TASK REQUIREMENTS:
Exact reproduction is required for the lines below starting at the line with "einem unvergesslichen Erlebnis." and ending at the line with "Tradycyjna, lekko kwaśna", both included. No other lines, and no pictures.

SOURCE MATERIAL:
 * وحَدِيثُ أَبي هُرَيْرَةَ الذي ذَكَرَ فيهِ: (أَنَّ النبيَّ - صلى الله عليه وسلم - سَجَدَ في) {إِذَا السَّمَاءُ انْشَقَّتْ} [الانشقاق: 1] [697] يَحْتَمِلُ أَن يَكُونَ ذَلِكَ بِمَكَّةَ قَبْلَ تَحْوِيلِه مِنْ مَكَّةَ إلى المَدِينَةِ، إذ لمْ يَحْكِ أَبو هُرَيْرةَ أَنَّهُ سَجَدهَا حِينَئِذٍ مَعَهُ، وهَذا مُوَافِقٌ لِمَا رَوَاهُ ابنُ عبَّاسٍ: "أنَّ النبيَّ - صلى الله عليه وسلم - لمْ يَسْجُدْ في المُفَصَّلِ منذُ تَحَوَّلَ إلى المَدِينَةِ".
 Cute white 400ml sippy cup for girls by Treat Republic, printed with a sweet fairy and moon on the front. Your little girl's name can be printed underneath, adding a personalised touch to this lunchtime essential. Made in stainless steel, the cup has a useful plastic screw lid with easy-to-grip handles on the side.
==
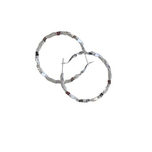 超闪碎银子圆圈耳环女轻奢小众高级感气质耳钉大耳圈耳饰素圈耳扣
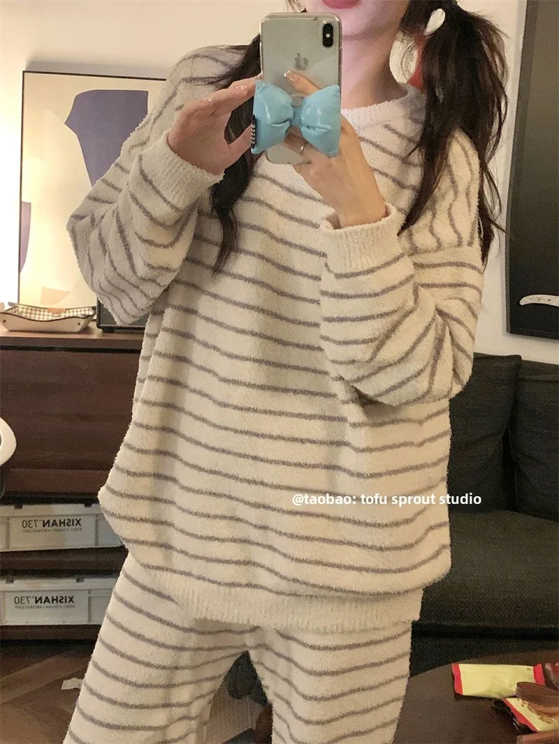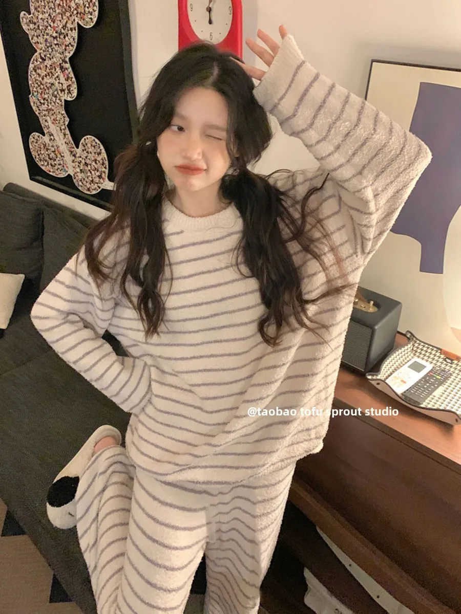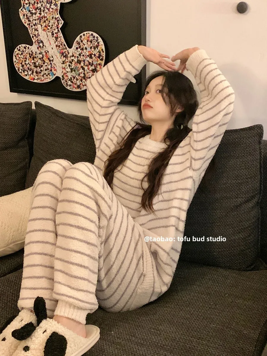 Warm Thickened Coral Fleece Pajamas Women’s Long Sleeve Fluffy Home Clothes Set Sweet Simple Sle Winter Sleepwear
* * *
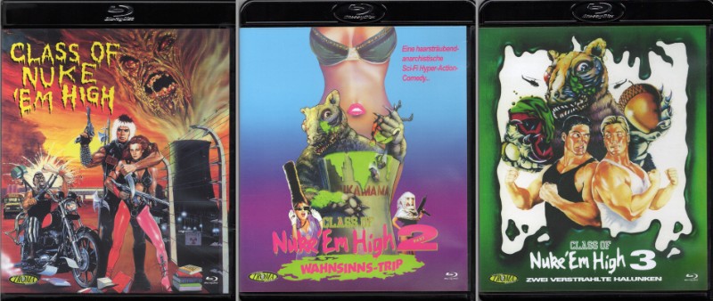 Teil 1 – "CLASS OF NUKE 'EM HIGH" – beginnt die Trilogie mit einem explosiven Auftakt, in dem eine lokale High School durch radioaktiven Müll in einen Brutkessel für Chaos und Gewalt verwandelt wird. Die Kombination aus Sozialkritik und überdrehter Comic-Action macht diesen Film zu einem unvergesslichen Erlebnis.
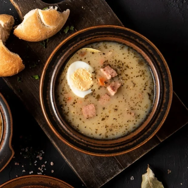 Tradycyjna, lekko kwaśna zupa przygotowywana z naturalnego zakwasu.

SOLUTION TO THIS PROBLEM:
 Teil 1 – "CLASS OF NUKE 'EM HIGH" – beginnt die Trilogie mit einem explosiven Auftakt, in dem eine lokale High School durch radioaktiven Müll in einen Brutkessel für Chaos und Gewalt verwandelt wird. Die Kombination aus Sozialkritik und überdrehter Comic-Action macht diesen Film zu einem unvergesslichen Erlebnis.
 Tradycyjna, lekko kwaśna zupa przygotowywana z naturalnego zakwasu.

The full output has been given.